RAGAS has dependency conflicts with the main project — run it in a separate virtual environment:
# Create and activate the evaluation venv (first time only)
python -m venv .venv-eval
.venv-eval\Scripts\activate # Windows
# source .venv-eval/bin/activate # Mac/Linux
pip install -r requirements-eval.txt
# Against local API (activate venv first)
python evaluation/ragas_eval.py --api-url http://localhost:8000 --chunks-path ./output/chunks_structure.json --max-samples 20
# Against deployed API
python evaluation/ragas_eval.py --api-url http://<alb_url> --chunks-path ./output/chunks_structure.json --max-samples 50Results are saved to output/ragas_eval.json.
Metrics:
context_precision — of the chunks retrieved, how many are actually relevant to the question? Low value means the retriever or reranker is returning noisy results.
context_recall — were all the necessary chunks retrieved to answer the question? Low value means relevant information exists in the index but was not retrieved.
faithfulness — is the generated answer grounded in the retrieved context, or did GPT-4o hallucinate? The most important metric for production safety.

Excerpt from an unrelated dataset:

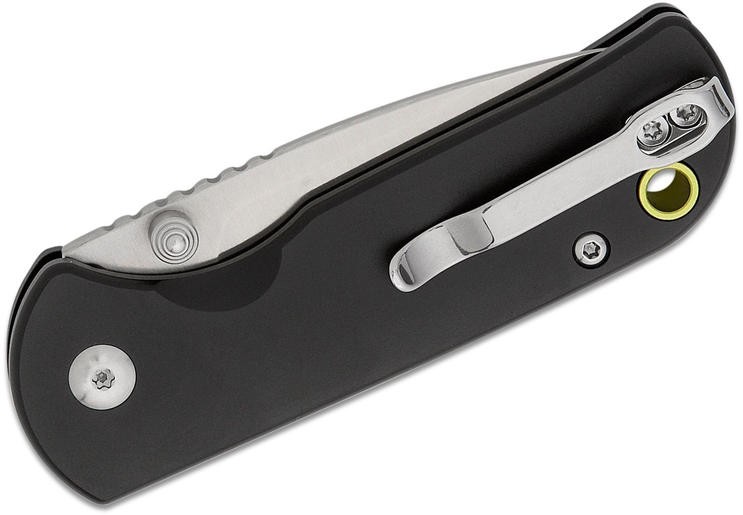 Den kompakte foldekniv CJRB Mica er ideel til daglig EDC-brug. Den byder på en glat Drop Point-klinge af den patenterede ståltype AR-RPM9 med sandpoleret finish, keramiske lejer for silkeblød åbning via tommelstud samt en sikker Button Lock-lås. Det lette aluminiumsskaft i sort med snorøje og lommeclip sikrer komfortabel og tryg bæring.

answer_relevancy — does the answer actually address the question asked? A response can be faithful but still not answer the question.
When to run each evaluation:
| You changed | Run |
|---|---|
| Chunking strategy | run_local.py → MRR + Faithfulness |
| Retrieval strategy (knn/hybrid) | ragas_eval.py → context_precision + context_recall |
| Reranking (on/off, model) | ragas_eval.py → context_precision |
| Augmenter prompt | ragas_eval.py → faithfulness + answer_relevancy |
| Generator model | ragas_eval.py → faithfulness + answer_relevancy |
Evaluates the full pipeline against a persistent dataset stored in LangSmith. Each run creates a named experiment with the full configuration as metadata, allowing comparison across different configurations (chunking, retrieval, reranking).

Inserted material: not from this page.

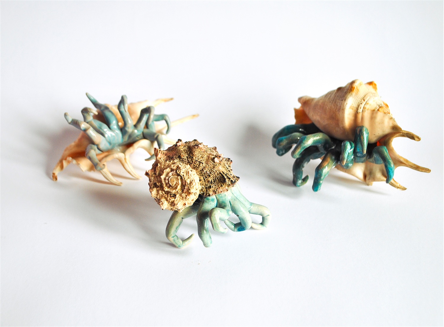 ceramika szkliwiona, muszle, 14x10x10 cm; 14x6x8 cm; 8x8x10 cm

# Create the dataset in LangSmith (first time only)
# Run from the evaluation venv
python evaluation/create_langsmith_dataset.py --chunks-path ./output/chunks_structure.json --max-chunks 25
# Run an evaluation experiment
python evaluation/run_langsmith_eval.py --api-url http://localhost:8000Experiments are named automatically from the current config, e.g.:
structure-hybrid-rerank-20260611-1030
Metrics:
answer_correctness — is the generated answer factually correct compared to the ground truth?

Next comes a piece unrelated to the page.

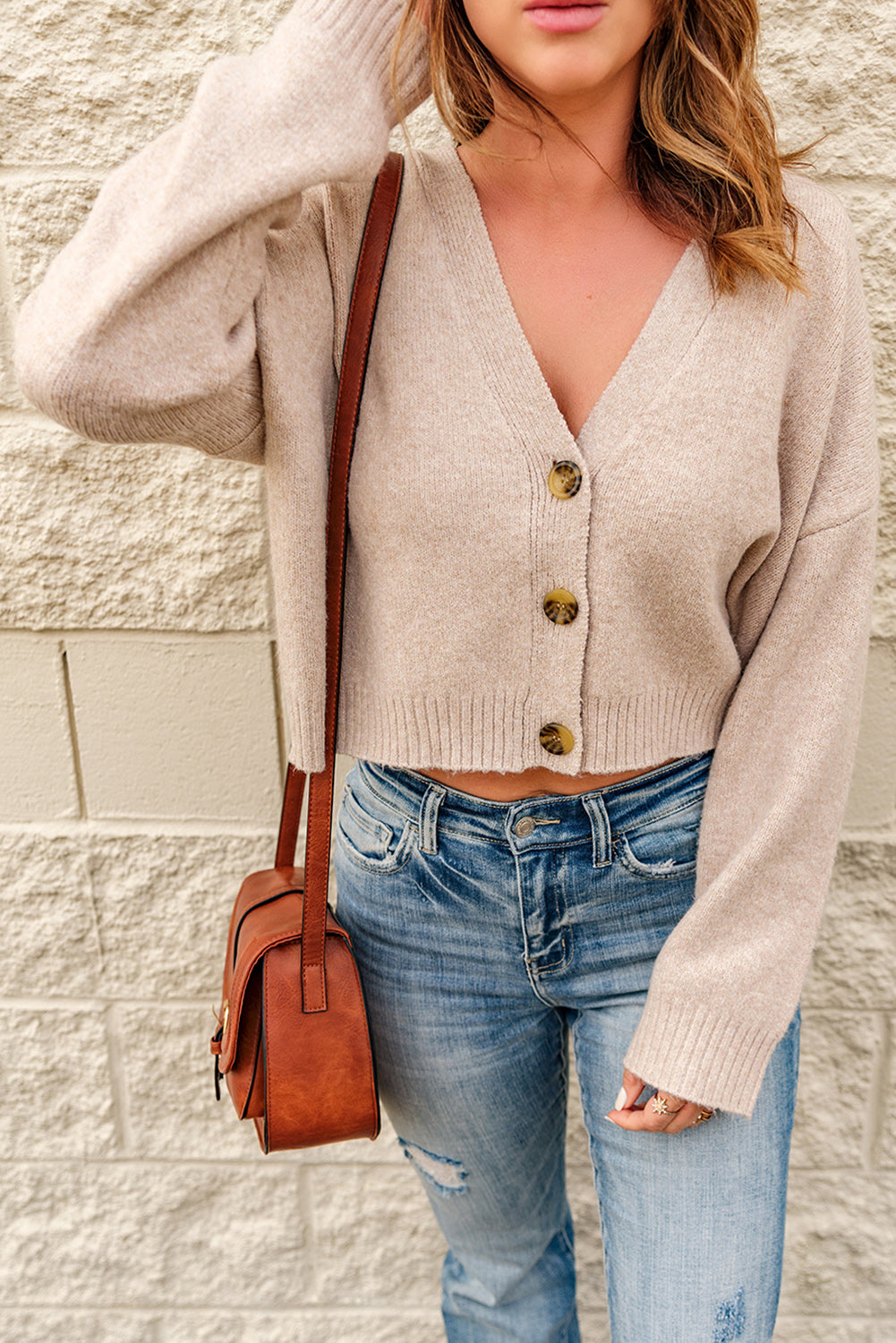 This cropped cardigan features a classic button-down design, ribbed trim, and dropped shoulders for a chic look that goes great with jeans.

hallucination — does the answer contain only information present in the retrieved context?
document_relevance — are the retrieved documents relevant to the question?
Results are visible at smith.langchain.com under Datasets & Experiments.
The dataset grows over time — add real user queries from the LangSmith dashboard (Tracing → select a run → Add to dataset).
Every query hitting the API is automatically traced in LangSmith thanks to @traceable decorators on each node.
- Local: traces go to project
cloudRAG-offline - ECS: traces go to project
cloudRAG-online
Each trace shows the full pipeline waterfall: retrieve → rerank → augment → generate, with latency, inputs and outputs per node, token usage and cost.
Note: set LANGCHAIN_TRACING_V2=true (lowercase) in .env — uppercase True is not recognized.
# LangSmith
LANGCHAIN_API_KEY=
LANGCHAIN_TRACING_V2=true
LANGCHAIN_PROJECT=cloudRAG-offline # use cloudRAG-online for ECS
# AWS
AWS_ACCESS_KEY_ID=
AWS_SECRET_ACCESS_KEY=
AWS_REGION=eu-west-1
# OpenSearch
OPENSEARCH_ENDPOINT= # no https://, e.g. xxxx.eu-west-1.aoss.amazonaws.com
OPENSEARCH_INDEX=cloudrag-docs
# OpenAI
OPENAI_API_KEY=
# Cohere (reranking)
COHERE_API_KEY=Note on vector dimensions: local dev uses OpenAI text-embedding-3-small (1536 dims). Production uses Bedrock Titan v2 (1024 dims). Update VECTOR_DIMENSION in run_upload.py accordingly.
In ECS, all variables are injected from AWS Secrets Manager — the application code does not change.